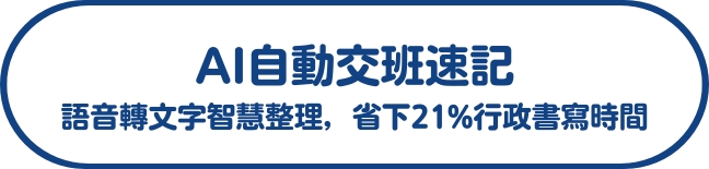 文書作業常是護理師加班的主因。導入生成式 AI 技術,將口述重點即時轉化為結構化文字。這不僅省下 21% 的手寫行政時間,更能精準產出交班紀錄。讓「講完即錄完、錄完即交班」成為現實,把被文書工作佔據的時間還給醫護。
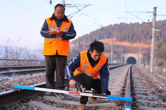 侯月鐵路穿行于太行山深處,端氏線路車間就坐落于此。第一次現(xiàn)場作業(yè),劉誼天便領(lǐng)教了山里的冷。零下十幾攝氏度的天氣里,他僅戴著一雙毛線手套,手指很快便凍得發(fā)麻。
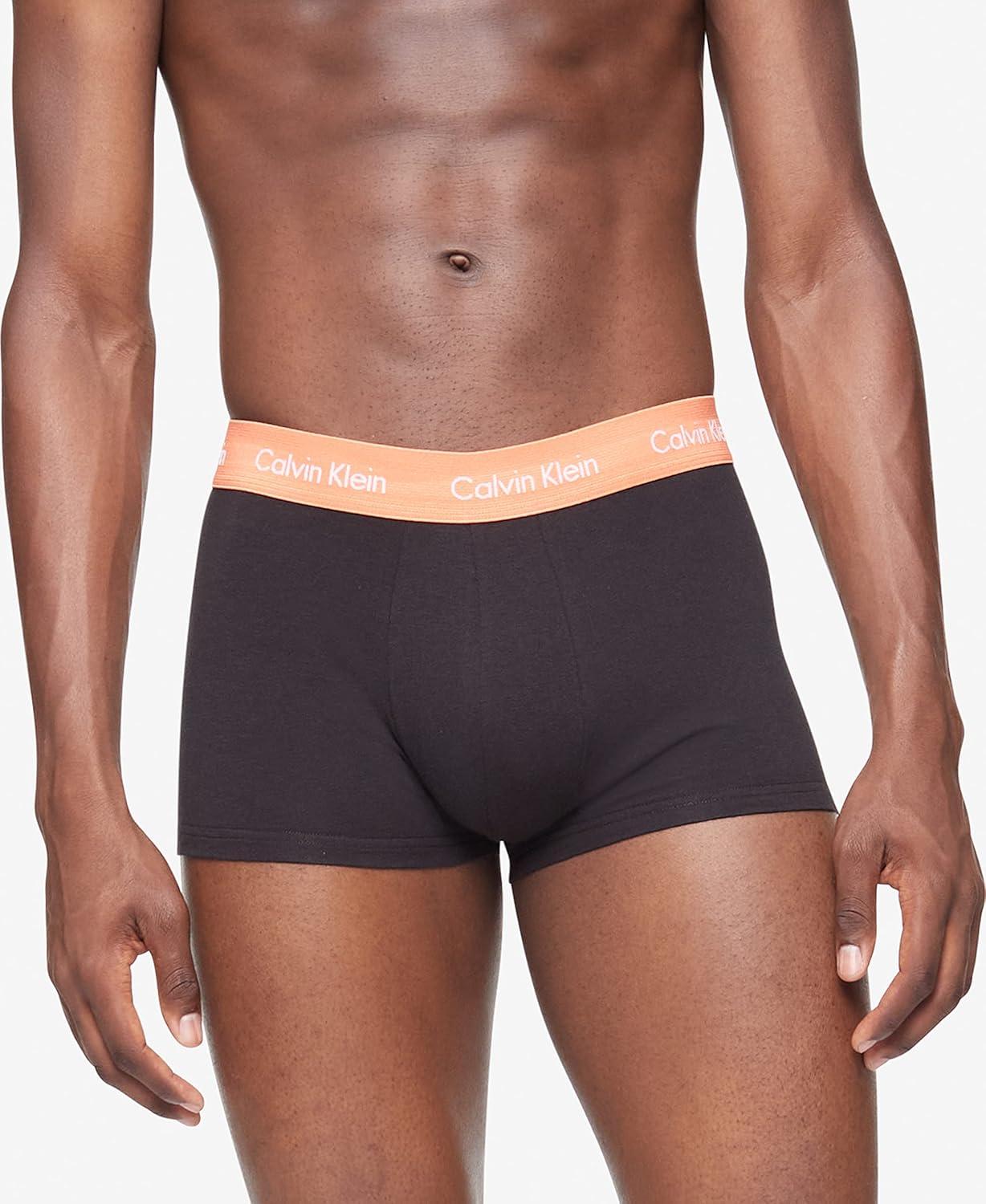 Calvin Klein Men’s Cotton Stretch 3-Pack Low Rise Trunks(Black Bodies W/ Work Blue Ocean Hue Turned Mango Wbs)
......
TASK TO COMPLETE:
Your output must reproduce the material above in full, with no pictures.

ANSWER FOR THIS EXERCISE:
 文書作業常是護理師加班的主因。導入生成式 AI 技術,將口述重點即時轉化為結構化文字。這不僅省下 21% 的手寫行政時間,更能精準產出交班紀錄。讓「講完即錄完、錄完即交班」成為現實,把被文書工作佔據的時間還給醫護。
 侯月鐵路穿行于太行山深處,端氏線路車間就坐落于此。第一次現(xiàn)場作業(yè),劉誼天便領(lǐng)教了山里的冷。零下十幾攝氏度的天氣里,他僅戴著一雙毛線手套,手指很快便凍得發(fā)麻。
 Calvin Klein Men’s Cotton Stretch 3-Pack Low Rise Trunks(Black Bodies W/ Work Blue Ocean Hue Turned Mango Wbs)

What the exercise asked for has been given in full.